Question

In Drosophila, the mutant alleles vermillion (r), on the X chromosome, and cinnabar (n), on an autosome, cause the same phenotype: bright-red eye color instead of the wild type purple. A male from a true-breeding vermillion stock and a female from a true breeding cinnabar stock are crossed. Predict phenotypic ratios among their F1 and F2 progeny, individually for sons and daughters

Answer 1

Answer:

1. F1: Sons: 100% wild-type, daughters: 100% wild-type.

2. F2: Sons: 5:3 bright-red eye color to wild-type, daughters: 1:3 bright-red eye color to wild-type.

Explanation:

In this example two genes in different chromosomes produce the same phenotype: bright-red eye color. First, vermillion gene is in X chromosome, and the vermillion color is a recessive trait, so vermillion mutants should be:

Mutant Females: $X^{r}X^{r}$

Mutant Males: $X^{r}Y$

Wild-type Females: $X^{R} X^{R} /X^{R} X^{r}$

Wild-type Males: $X^{R}$

Second, cinnabar gene is in an autosome and it's recessive too, so mutants should be:

Mutant males or females: nn  

Wild-type: NN

If a vermillion male ($X^{r}YNN$) is crossed with a cinnabar female $X^{R}X^{R} nn$, it will produce an F1 as in the first Punnett Square.
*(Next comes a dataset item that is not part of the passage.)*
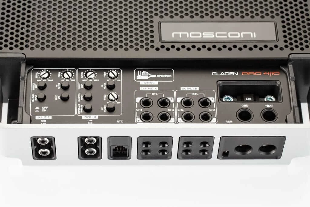 Die PRO 4|10 kommt mit vier Verstärkerkanälen –liefert 4x 120 Rms Watt reine Class A/B Leistung auf NEXT LEVEL Niveau. Die Integration getrennter aktiver Frequenzweichen für alle Kanäle garantiert maximale Flexibilität; alternativ können alle Weichen umgangen werden, um die Eingangsparameter für die Zusammenarbeit mit Mosconi DSPs anzupassen.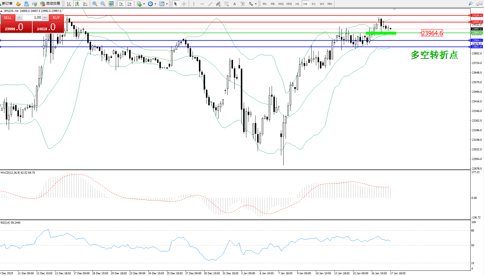 日经225指数117日(周五)收盘上涨111.87点,涨幅0.47%,报24045.00点。日本内阁办公室公布中期经济预期,日本的基本观点是,当前十年不会实现预算平衡,此前的基准观点并未排除2029财年实现基本平衡。日本央行将于下周一至二(2021)召开议息会议,外界普遍预期会议将维持货币政策不变,因为早前央行才上调经济预测。日本经济将继续温和扩张,全球经济增长放缓对内需产生的涟漪效应有限。

In this case, all sons and daughters are going to be wild-type.

When F1 is crossed, an F2 is produced as in the second and third Punnett Squares. In this case, in daughters, it will produce a phenotypic ratio of 1:3 red eyes to wild-type eyes.

In sons, it will produce a phenotypic ratio of 5:8 red eyes to wild-type eyes.